In the reference genome that existed until now, there were large knowledge gaps. “There were sequences that could not be assembled,” explains Tubío. “But the development of third-generation sequencing technology has made it possible to get very long sequencing reads, which allow us to bypass these complex regions and reconstruct the complete architecture of chromosomes.. Last year the first complete genome was published for the first time thanks to these advances and continuing with this work, this pangenome is now being presented”, the researcher underlines.
Although the new reference presented is still a first draft and only represents a still small number of individuals, it contains information that will be very useful to advance biomedical research, concludes the researcher.
“The construction of a pangenome is complex and involves different phases of analysis and processing (some manual and others automatic).

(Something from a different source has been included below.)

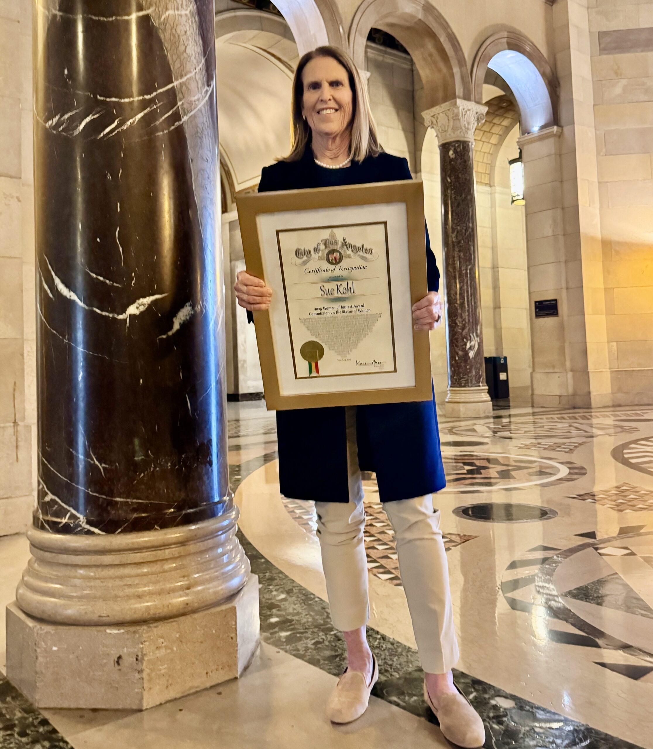 In the certificate presented to Kohl by Bass, it stated “Each year, the Civil + Human Rights and Equity Department (L.A. Civil Rights) along with its Commission on the Status of Woman, invests in women and girls by providing services and community-building events to create a more just Los Angeles. The Women of Impact Awards honors women who have demonstrated their commitment to advancing the well-being of Angelenos.”

In fact, various methods have been used to understand which are the most appropriate methods and tools for its construction and subsequent analysis”, explains Santiago Marco, a specialist in algorithms, bioinformatics and high-performance computing, who points out that his contribution “focuses on the development of high performance algorithms and software tools, not on observations or biological/genomic results”.
“It must be understood that if the reconstruction of a linear genomic reference (such as the first human genome) requires aligning and assembling hundreds of billions of DNA bases, the construction of a pangenomic reference may require processing orders of magnitude more information.. In addition, assembly and processing pipelines are composed of multiple processing phases that require complex and expensive algorithms to use.. For this reason, this project would not be possible without supercomputers, since only supercomputers like the Marenostrum4 have the capacity to process and store such large amounts of data”, explains Marco, who also stresses that “the methods that our research group proposes/researches have been developed and tested thanks to the power of Marenostrum4. Subsequently, these methods have been incorporated and used in this pangenome project.. However, the computation and processing of the final results, of this publication in particular, has been carried out in other supercomputing infrastructures (outside Spain)”.